To enable the back button

getSupportActionBar().setDisplayHomeAsUpEnabled(true);

To work

@Override
public boolean onOptionsItemSelected(@NonNull MenuItem item) { 
    switch (item.getItemId()) { 
        case android.R.id.home: 
            this.finish(); 
            return true; 
    } 
    return super.onOptionsItemSelected(item); 
} 

Alternative way to work the button

public boolean onSupportNavigateUp(){
    onBackPressed();
    return true;
}

After googling little bit I found an answer for you.

As you said you have back button in actionBar in Fragment. But, you also said it isn't working.
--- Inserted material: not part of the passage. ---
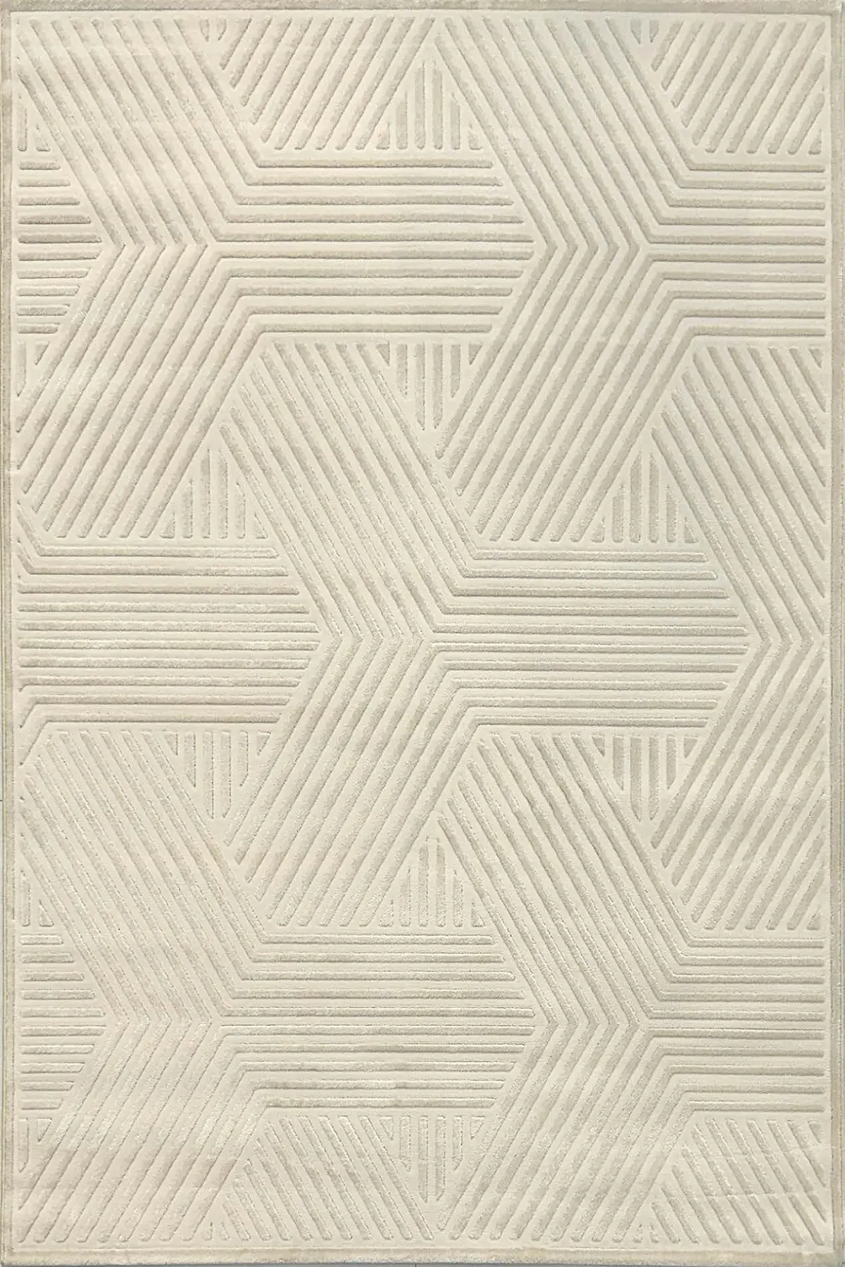 فرش مهدیان مدرن کلکسیون دووآ کد 9508 زمینه کرم (برجسته)

So, why android studio implement it?

Here is the answer for you.

@Override
public boolean onOptionsItemSelected(MenuItem item) {
switch (item.getItemId()) {
...
case android.R.id.home:
    switch(currentFragment){
    case FRAGMENT1:
        FragmentTransaction transaction = fragmentManager.beginTransaction();
    transaction
    .replace(R.id.fragment_container, fragment2);
    transaction.commit();
    currentFragment = FRAGMENT_2;
    return true;

default:
    FragmentTransaction transaction = fragmentManager.beginTransaction();
    transaction
    .replace(R.id.fragment_container, fragment1);
    transaction.commit();
    currentFragment = FRAGMENT_1;
    return true;
}
}

I found another useful link for you but, which may not be similar to your question.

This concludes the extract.